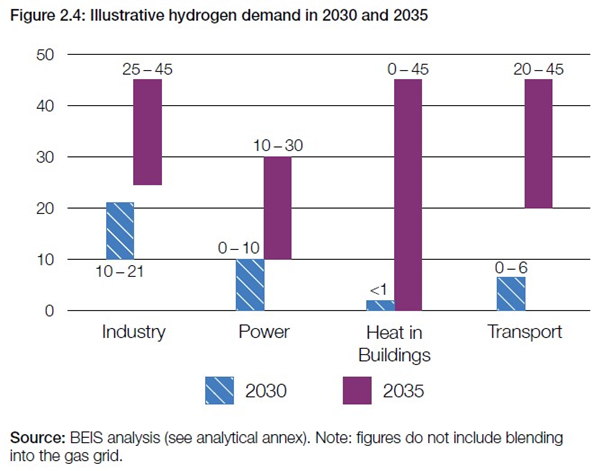 2/ UK government does not expect there to be large quantities of low carbon h2 to be available for home heating until the mid-2030s according to the Hydrogen Strategy. By 2035 up to 45 TWh of h2 for heating are expected in the strategy, about 10% of UK domestic heating demand.
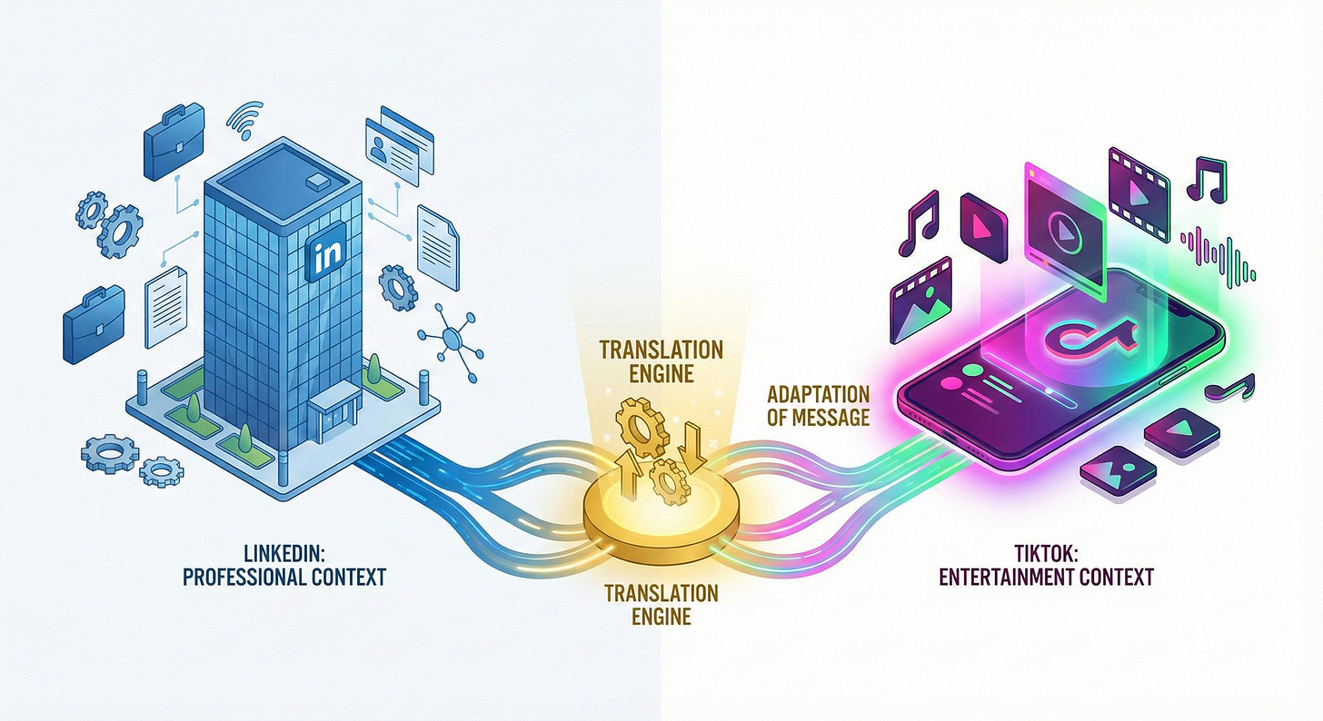 Define Your “Native” Dialects: Choose your two primary platforms. Write down the specific “language” of each (e.g., LinkedIn = Professional Insight; Instagram = Visual Story). Take one piece of content and rewrite it specifically for those two distinct environments.
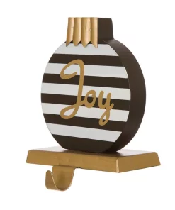 Indoor Christmas Decorations Glitzhome 6.89 In. H Wooden/Metal Striped Ornament Stocking Holder

### INSTRUCTIONS TO FOLLOW
Go through the listing above and write it out again exactly, dropping the pictures.

### OUTPUT OF THE TASK
 2/ UK government does not expect there to be large quantities of low carbon h2 to be available for home heating until the mid-2030s according to the Hydrogen Strategy. By 2035 up to 45 TWh of h2 for heating are expected in the strategy, about 10% of UK domestic heating demand.
 Define Your “Native” Dialects: Choose your two primary platforms. Write down the specific “language” of each (e.g., LinkedIn = Professional Insight; Instagram = Visual Story). Take one piece of content and rewrite it specifically for those two distinct environments.
 Indoor Christmas Decorations Glitzhome 6.89 In. H Wooden/Metal Striped Ornament Stocking Holder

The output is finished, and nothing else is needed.